WHAT THE EXERCISE ASKS> The entries below contain pictures, which are to be left out; write out exactly, and only, the lines from the line with "しかしながら、あくまでこのよ" up to and including the line with "게임으로도 유명한 ‘니드".

RAW DATA>

****************************************

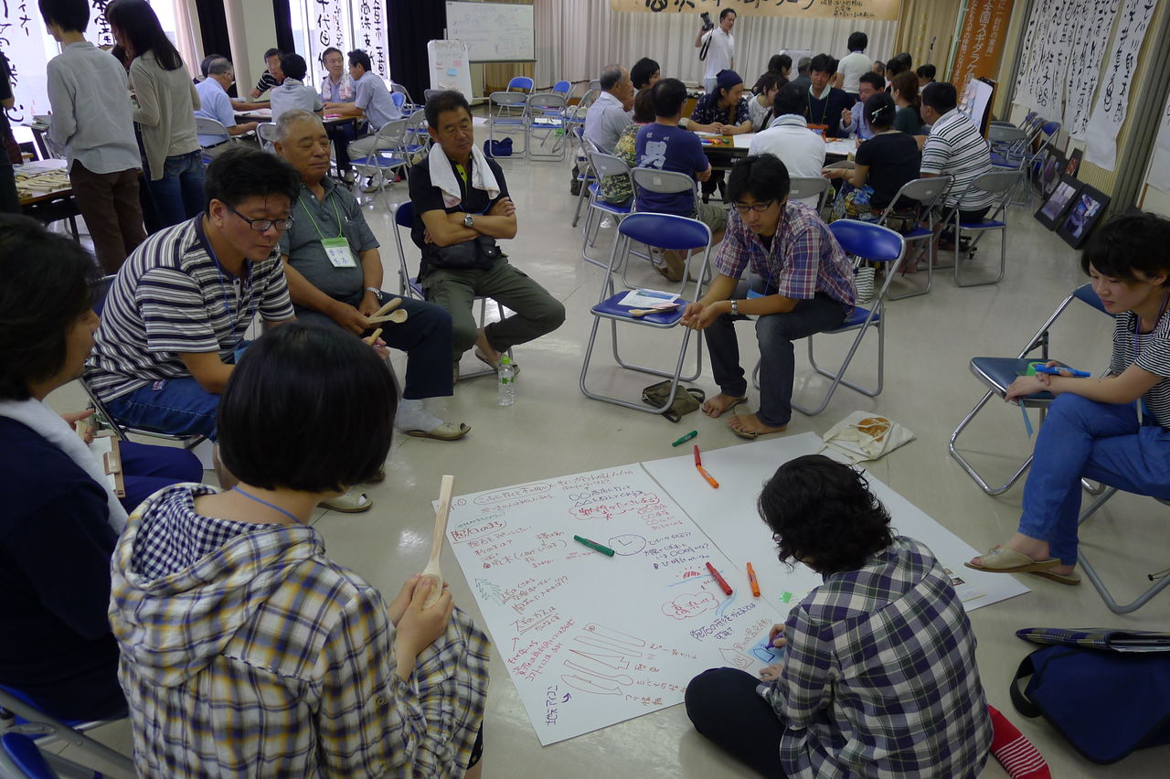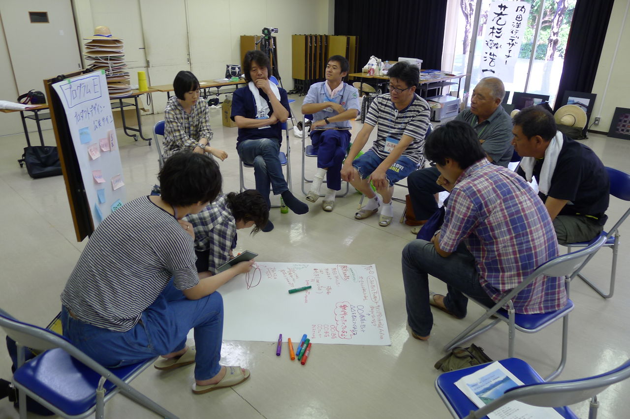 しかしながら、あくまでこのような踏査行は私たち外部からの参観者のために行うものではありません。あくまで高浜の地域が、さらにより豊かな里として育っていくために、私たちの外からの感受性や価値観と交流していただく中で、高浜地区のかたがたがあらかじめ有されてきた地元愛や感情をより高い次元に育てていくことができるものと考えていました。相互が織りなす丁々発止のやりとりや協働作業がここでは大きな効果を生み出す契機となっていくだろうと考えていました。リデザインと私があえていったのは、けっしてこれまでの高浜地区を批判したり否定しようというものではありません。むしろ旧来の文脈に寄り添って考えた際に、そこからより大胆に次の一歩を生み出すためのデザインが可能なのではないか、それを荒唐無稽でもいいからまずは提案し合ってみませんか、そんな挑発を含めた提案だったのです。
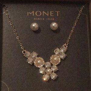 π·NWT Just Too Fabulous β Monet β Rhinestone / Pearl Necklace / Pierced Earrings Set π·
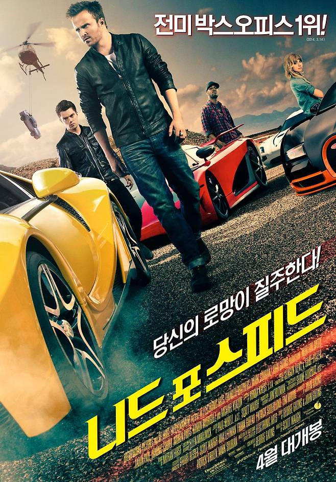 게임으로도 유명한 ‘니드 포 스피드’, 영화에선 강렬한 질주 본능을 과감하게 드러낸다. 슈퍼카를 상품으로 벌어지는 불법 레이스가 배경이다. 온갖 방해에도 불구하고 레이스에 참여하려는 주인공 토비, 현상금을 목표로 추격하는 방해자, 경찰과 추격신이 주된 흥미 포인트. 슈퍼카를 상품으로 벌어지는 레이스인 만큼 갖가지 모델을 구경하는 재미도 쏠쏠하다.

****************************************

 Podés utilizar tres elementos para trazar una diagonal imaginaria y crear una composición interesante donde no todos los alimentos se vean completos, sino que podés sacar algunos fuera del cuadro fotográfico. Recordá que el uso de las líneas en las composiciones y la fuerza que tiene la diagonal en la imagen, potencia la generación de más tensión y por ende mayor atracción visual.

****************************************

COMPLETED TASK>
 しかしながら、あくまでこのような踏査行は私たち外部からの参観者のために行うものではありません。あくまで高浜の地域が、さらにより豊かな里として育っていくために、私たちの外からの感受性や価値観と交流していただく中で、高浜地区のかたがたがあらかじめ有されてきた地元愛や感情をより高い次元に育てていくことができるものと考えていました。相互が織りなす丁々発止のやりとりや協働作業がここでは大きな効果を生み出す契機となっていくだろうと考えていました。リデザインと私があえていったのは、けっしてこれまでの高浜地区を批判したり否定しようというものではありません。むしろ旧来の文脈に寄り添って考えた際に、そこからより大胆に次の一歩を生み出すためのデザインが可能なのではないか、それを荒唐無稽でもいいからまずは提案し合ってみませんか、そんな挑発を含めた提案だったのです。
 π·NWT Just Too Fabulous β Monet β Rhinestone / Pearl Necklace / Pierced Earrings Set π·
 게임으로도 유명한 ‘니드 포 스피드’, 영화에선 강렬한 질주 본능을 과감하게 드러낸다. 슈퍼카를 상품으로 벌어지는 불법 레이스가 배경이다. 온갖 방해에도 불구하고 레이스에 참여하려는 주인공 토비, 현상금을 목표로 추격하는 방해자, 경찰과 추격신이 주된 흥미 포인트. 슈퍼카를 상품으로 벌어지는 레이스인 만큼 갖가지 모델을 구경하는 재미도 쏠쏠하다.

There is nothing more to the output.